El filósofo Marcel Conche ha expresado de forma memorable esta concepción del amor: “El amor no juzga, no compara, no se siente fuera de. Es participación total en la vida, en el ser del otro ser. Es aprobación. El otro es aprobado en su integridad. Su ser es un don que se nos entrega. Pero hay que poseer el don del amor para percibir la existencia del otro como un don. Basta con que exista, de ninguna manera tiene que hacerse valer: él vale por sí mismo. Y su sola existencia justifica el mundo”[1].

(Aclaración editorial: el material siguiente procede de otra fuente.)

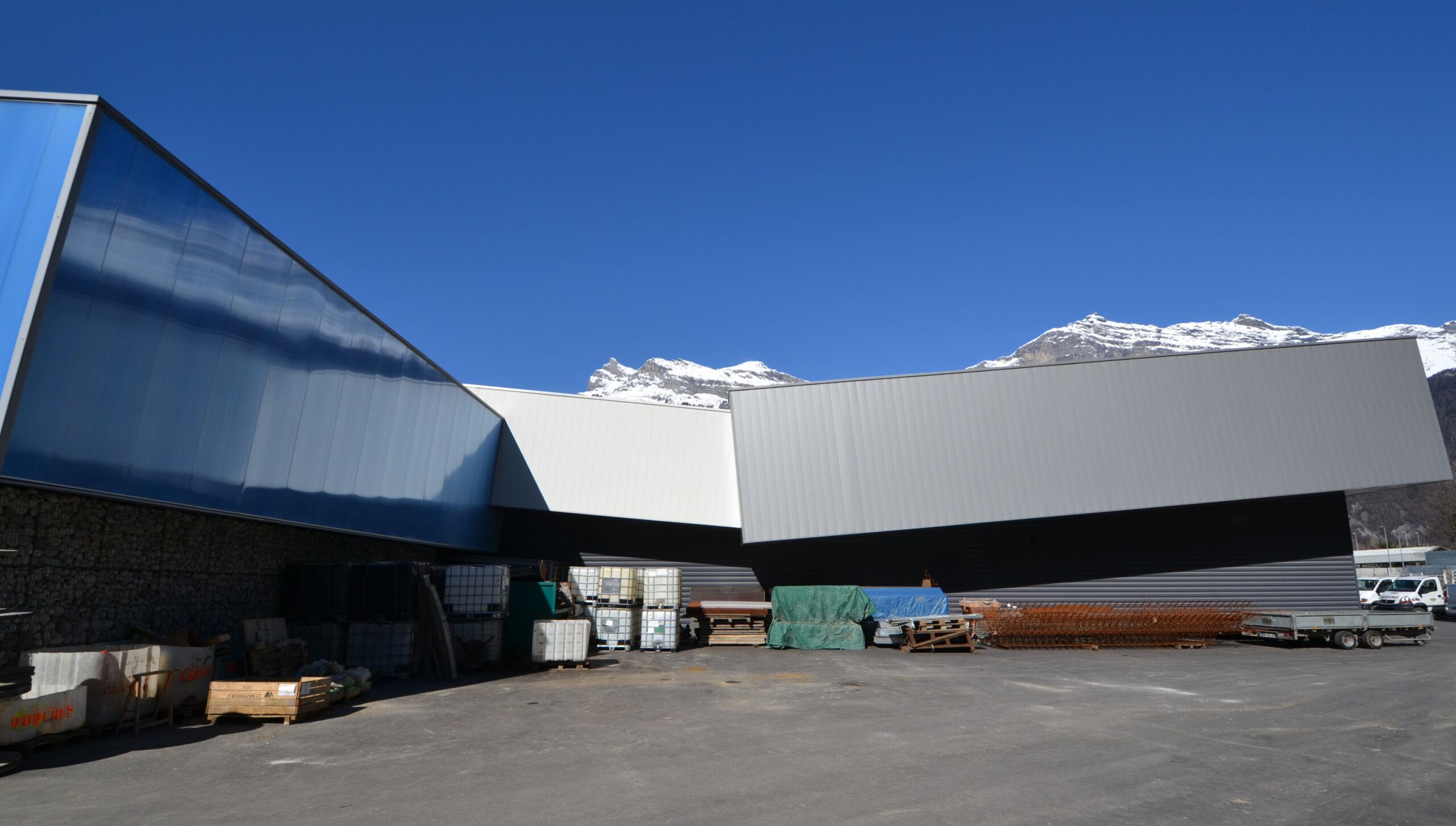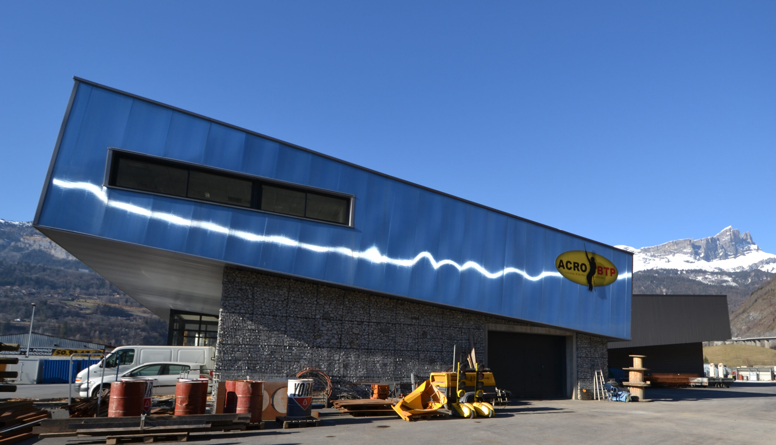 Le bâtiment se développe selon une logique simple et efficace. Un socle minéral en gabions ancre l’ensemble au sol et apporte une matérialité robuste, adaptée à un programme d’entreprise. Au-dessus, un volume métallique en porte-à-faux se déploie comme un ruban continu : il allège visuellement la masse du bâtiment, prolonge les lignes horizontales et crée une protection naturelle au droit des façades et des accès.
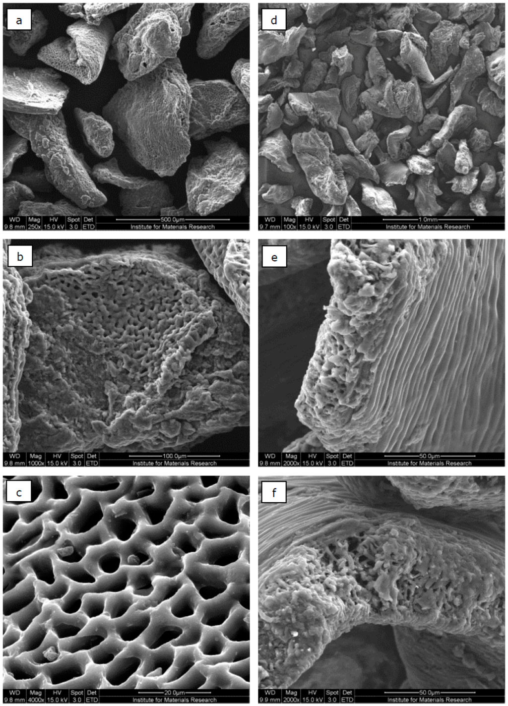SEM images of ACs produced from rapeseed cake (C-900-60) with a magnification factor of 250 (a), 1000 (b) and 4000 (c); and ACs produced from raspberry seed cake (C-950-30) with a magnification factor of 100 (d), 2000 (e) and 4000 (f).

Sospecho que el amor, en sus múltiples manifestaciones, juzga y compara y cuestiona y… Pero no el amor como afirmación del otro. ¿Qué se requiere para llegar ahí? Un grado de madurez en nuestra forma de ser y de amar que raras veces logramos. Y no caer en las relaciones de poder en las que a menudo caen la mayoría de relaciones sentimentales durante la convivencia. Albert Camus lo formuló con su habitual claridad: “Los que se aman, los amigos, los amantes, saben que el amor no es solamente una fulguración, sino también una larga y dolorosa lucha en las tinieblas por el reconocimiento y la reconciliación definitivas”[2].
Existen multitud de máscaras y matices en el amor (amor como deseo, como pasión, como cuidado, como hogar, como desamor…), pero si hay uno que pueda llamarse propiamente buen amor –y que tanto escasea, dicho sea de paso– es lo que aquí denominamos “el amor como afirmación del otro”, y que espléndidamente expresa Ángel González mediante “Me basta así”.
ME BASTA ASÍ
Si yo fuese Dios
y tuviese el secreto
haría un ser exacto a ti;
lo probaría
(a la manera de los panaderos cuando prueban el pan
es decir, con la boca),
y si ese sabor fuese
igual al tuyo, o sea
tu mismo olor, y tu manera
de sonreír,
y de guardar silencio,
y de estrechar mi mano estrictamente,
y de besarnos sin hacernos daño
–de eso sí estoy seguro: pongo
tanta atención cuando te beso–;
entonces
si yo fuese Dios
podría repetirte y repetirte
siempre la misma y siempre diferente
sin cansarme jamás del juego idéntico
sin desdeñar tampoco la que fuiste
por la que ibas a ser dentro de nada;
ya no sé si me explico, pero quiero
aclarar que si yo fuese
Dios, haría
lo posible por ser Ángel González
para quererte tal como te quiero,
para aguardar con calma
a que te crees tú misma cada día,
a que sorprendas todas las mañanas
la luz recién nacida con tu propia
luz, y corras
la cortina impalpable que separa
el sueño de la vida,
resucitándome con tu palabra
Lázaro alegre,
yo
mojado todavía
de sombras y pereza,
sorprendido y absorto en la contemplación de todo aquello
que en unión de mí mismo,
recuperas y salvas, mueves, dejas
abandonado cuando –luego– callas…
(Escucho tu silencio.
Oigo
constelaciones: existes
Creo en ti.
Eres.
Me basta.)[3]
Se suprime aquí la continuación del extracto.